Classification Model	Training Accuracy %	Test Accuracy %
Baseline	0.5	0.5
Logistic	0.999	0.895
Naive Bayes	0.995	0.805
Support Vector Machines	0.999	0.903

Given these results, my selected production model will be the logistic regression model with CountVectorizer as the vectorizer. The Logistic Model is nearly the most performant, but also provides a high level of interpret-ability compared to SVM.

In conclusion:

The more 'popular' i.e. more comments and score, the great likelihood that it is unethical. Controversial posts tend to gain more popularity.
In this training set, if your document includes the word 'business', then the likelihood of being unethical is far more likely by 3x. There's probably a lot of unethical comments around taking advantage of businesses!

Wrap up

I was able to create an app using Natural Language Processing to classify which subreddit a particular post belongs to.

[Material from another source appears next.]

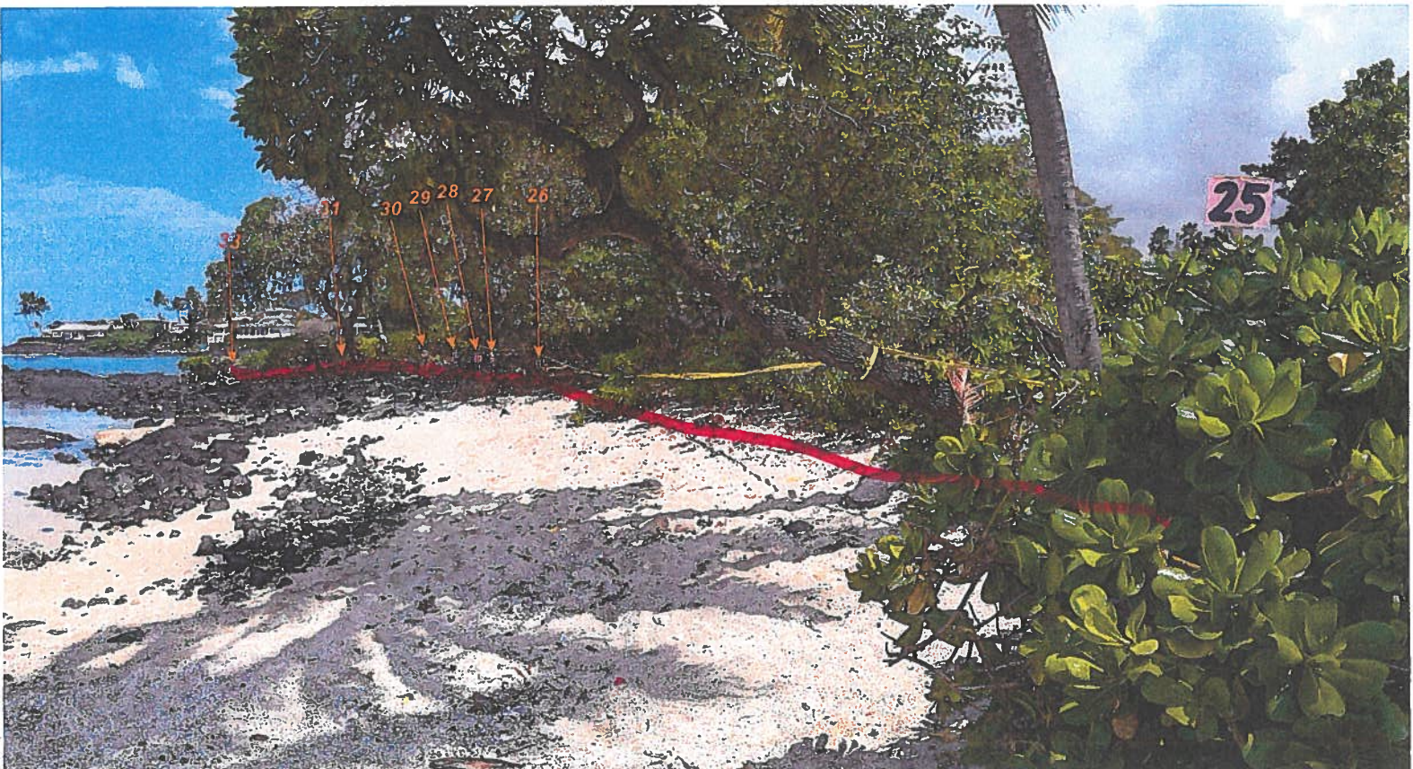
PHOTOGRAPH NUMBER 1

DATE OF PHOTOGRAPHS: MARCH 27, 2026 TIME OF PHOTOGRAPHS: 11:00 A.M.

While this was a fun use case of NLP, this analysis is widely applicable other areas, such as politics in classifying fake news vs. real news, or for eCommerce, with sentiment analysis of user reviews (i.e. polarity classification - positive, negative of neutral). Further, many virtual assistants (Amazon Alexa, Google Assistant) use NLP to understand human questions and provide the appropriate responses.

In these scenarios, there would be far greater consequences, if the prediction was a false-positive or false-negative, so fine tuning the model to adjust for these thresholds is critical.

As a next step, I hope to investigate other NLP open source packages such as Spacy!